These measures can comprise a physical treatment of the silicon
substrate that is used as a carrier, or applying an additional
layer for discharging the surface of the silicon substrate. Such
measures are known from the art and need not be explained in more
detail.
[0053] A piezoelectric layer PL is wafer-bonded on top of the
bonding layer BL. The piezoelectric layer PL may be a thick wafer
that is wafer-bonded to the substrate and then reduced in thickness
by a grinding process or by a wafer cleavage followed by a
polishing process. On top of the piezoelectric layer PL metallic
device structures DS may be applied. As shown in FIG. 1, the device
structures may comprise interdigital transducer electrodes of a SAW
device like a SAW filter, for example.
[0054] A disadvantage of the shown device wafer is insufficient
electric isolation between different device structures DS. The
device structures DS to be isolated against each other are
interfering with each other by capacitive coupling via charge
carriers within the substrate SU. To minimize such coupling, a very
low doped silicon substrate SU is necessary. As the low doped
silicon material is a very clean material with a very low amount of
impurities, this material is expensive.
[0055] FIG. 2 shows, in a cross-sectional view, a device wafer
according to a first embodiment of the invention. In contrast to
the known device wafer according to FIG. 1, the device wafer
comprises a silicon substrate SU that is weakly or high doped and
provides a certain amount of conductivity. On top of the silicon
substrate SU a high-ohmic epitaxial layer EL is applied. Any
epitaxial silicon deposition may be used to manufacture this
epitaxial layer.
[0056] Silicon substrate SU and high-ohmic epitaxial layer EL may
comprise dopants providing the same type of conductivity. This
embodiment provides improved thermal conductivity by the doped bulk
silicon substrate in view of a high purity silicon wafer.

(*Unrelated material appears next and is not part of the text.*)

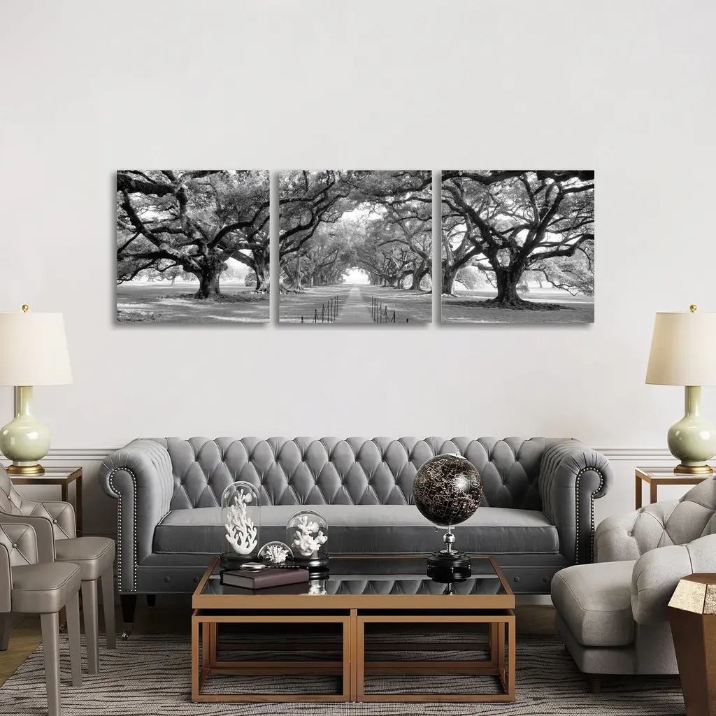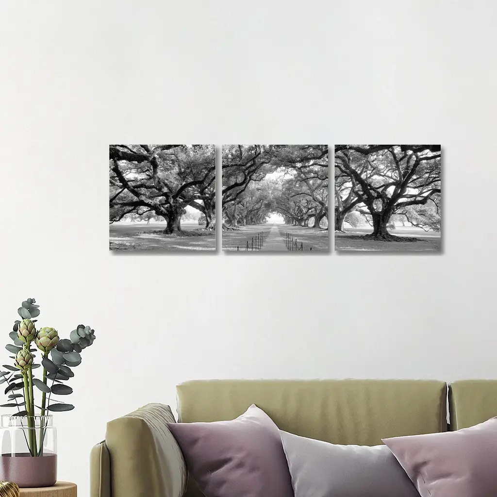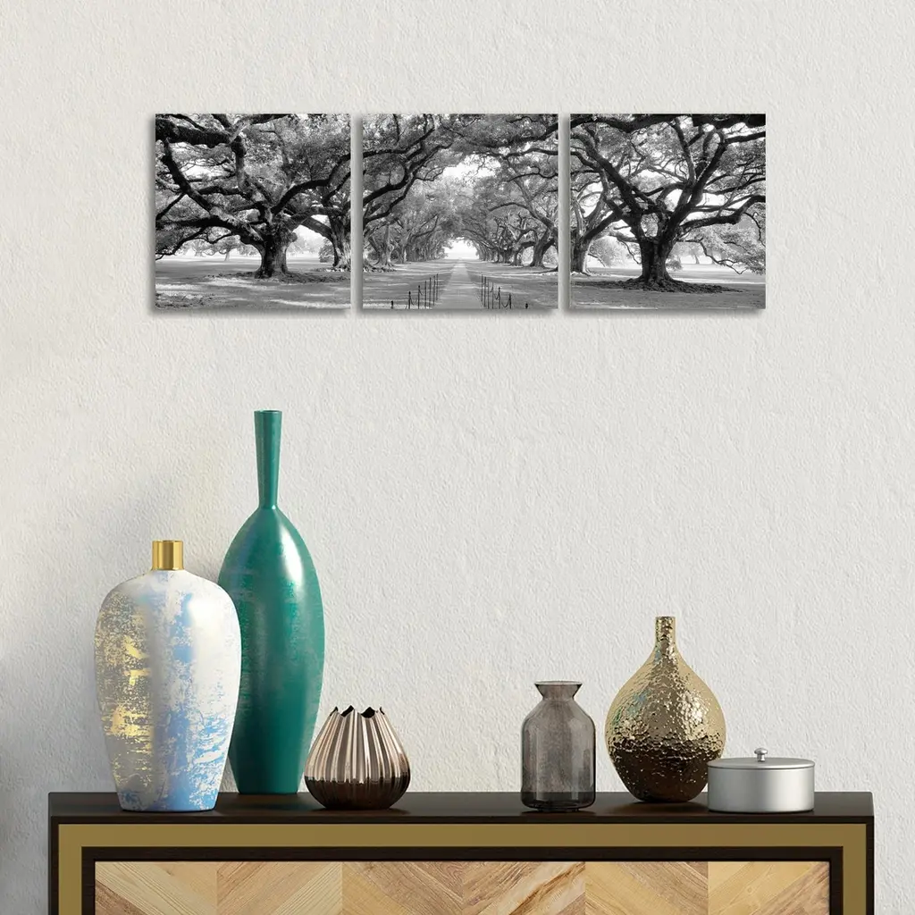 Icanvas "Brick Path Through Alley Of Oak Trees, New Orleans (B&w) Ii" By Panoramic Images 3-Piece Canvas Wall Art Set - 30x90x1.5

Nonetheless and in cause of the high-ohmic epitaxial layer there is
the possibility to integrate semiconductor elements or simply pn
junctions in the epitaxial layer.
[0057] However, to provide a space charge region between epitaxial
layer EL and silicon substrate SU, different doping is used for
both layers. For example, the silicon substrate SU may have a n+
doping. The epitaxial layer may then be low conductive and, for
example p- doped.
[0058] The piezoelectric layer PL may be a lithium tantalate layer,
for example. But any other piezoelectric material is useful for the
invention. The piezoelectric layer may have a relatively low
thickness of about two times the acoustic wavelength the device is
working with. Thicker piezoelectric layers of e.g. fpm thickness
working at a frequency between 800 MHz and 2.6 GHz are possible
too. The epitaxial layer thickness may be in the same order. But a
higher or lower thickness or may be possible too. In the course of
the pn junction between epitaxial layer EL and silicon substrate SU
a space charge region forms that isolates the two layers against
each other by forming a respective barrier.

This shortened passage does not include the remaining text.